In an increasingly unreliable climate, energy planners should use great caution before investing huge sums in building monuments to the 20th century on rivers that may lack reliable water flows to generate power. And with the current proposals for upward of 500 dams planned in the Ganges River basin alone, this is no minor investment decision. Indeed, it will decide the fate of Himalayan rivers and the communities that depend on them.
As our Policy Director Peter Bosshard lays out in our recent report, “Infrastructure for Whom?“, there are substantial trade-offs in terms of beneficiaries of big dam infrastructure investment vs. decentralized solutions.
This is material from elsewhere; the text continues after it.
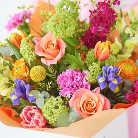 A handcrafted bouquet made by a local florist using the freshest blooms. This classic bouquet will feature flowers in vibrant shades inspired by spring. Think tangerine, cerise, chartreuse and ochre.

For about half the estimated cost of the proposed Grand Inga Dam on the Congo River, for example, a decentralized energy investment would bring basic electricity access to 79 million people and provide improved cooking stoves for 200 million more.
We’ve all heard of what the alternative solutions might be for meeting the needs of the 1.5 billion people without electricity. Technological innovations in wind, solar and geothermal have a role to play bridging this divide, and also in a broader transition of global energy production to renewable sources. This issue of World Rivers Review focuses on the how of energy solutions. Community energy initiatives put appropriate technologies to use at a human scale that offers community self-determination, resilience to risks, and keeps economic benefits near the origin of production. Scaling up such decentralized solutions is ultimately a matter of investment priorities and public policies that incentivize such enterprises.
The blackout in India serves as a reminder that a transition away from hyper-centralized electricity systems may ultimately be inevitable. What we need now are investments and incentives to hasten the transition to community-scaled energy production while we still have living rivers to nourish and replenish our communities.